Mill argues that, when we say that a thing is morally “wrong,” we mean “that a person ought to be punished […] for doing it.” This means not only that someone has failed to act in the best way, but also that they have broken a moral duty, whether a general duty that is owed in the abstract (an “imperfect duty”) or a specific duty owed to “some assignable person.” Injustice is specifically the latter: it is unjust to break a promise made to someone else, while it is morally wrong, but not necessarily unjust, for a rich person to be stingy in general. In response to injustice, people feel a moral sense of justice that comes from “the impulse of self-defense and the feeling of sympathy.” Essentially, people want to defend others when their rights are violated, just as they would defend themselves in the same situation.

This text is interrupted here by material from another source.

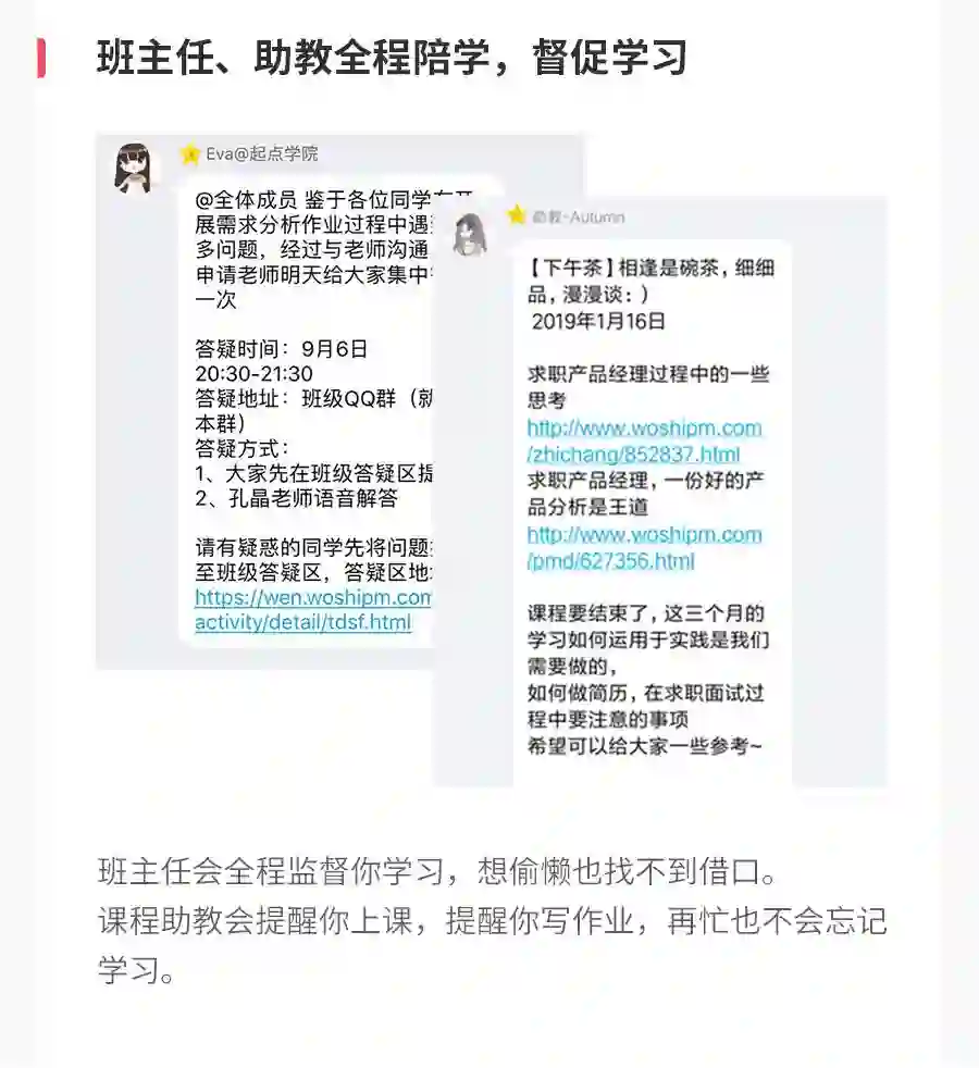 课程中陪你成长的除了导师,还有专属的班主任和助教,他们将全程监督陪学,提醒你上课,也提醒你交作业。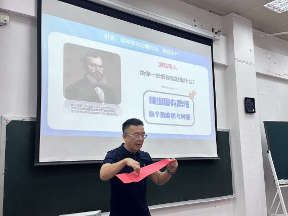 张航教授以“给一张纸能发现什么”游戏导入,指出创新思维是对现有认识和实践的升华突破,人人具备创新能力。随后,他围绕“破界:范式重构”,提出构建无边界科学课堂理念,并结合丰富实践案例分析通过混合式学习、游牧式学习、社会化学习等多种方式如何开展无边界科学课堂,以及当前实践中存在的挑战与对策。在“创新:突破定势”部分,他通过垃圾桶盖把手积垢等多种案例,详细讲解逆向、发散等创新思维在实践中的应用与效果。最后,在“创变:价值创造”环节,他介绍了奥斯本检核表法,并与学生互动开展“新型吸管”创新改造任务等,指导学生开展创新实践。

So justice combines “vengeance” with a moral interest in others, that is, a commitment to “the general good” based on a sense of equality. This is how Mill connects justice back to utility: it is people’s way of responding to the violation of people’s rights, with rights being an important foundation for and contributor to the happiness of everyone in a society. Hinting at his political philosophy, Mill argues that such rights are in fact the most important moral rules of all: they are “the essentials of human well-being,” because they stop people from hurting each other. And yet it is impossible to explain these rules’ importance—or the necessity of protecting them through people’s feelings of justice and societies’ elaborate legal systems—without ultimately showing that they are valuable because they promote the general happiness. So according to Mill, while justice is an important feeling that should be celebrated and cultivated, it is not separate from or superior to utility: instead, it actually becomes a further justification for utilitarianism.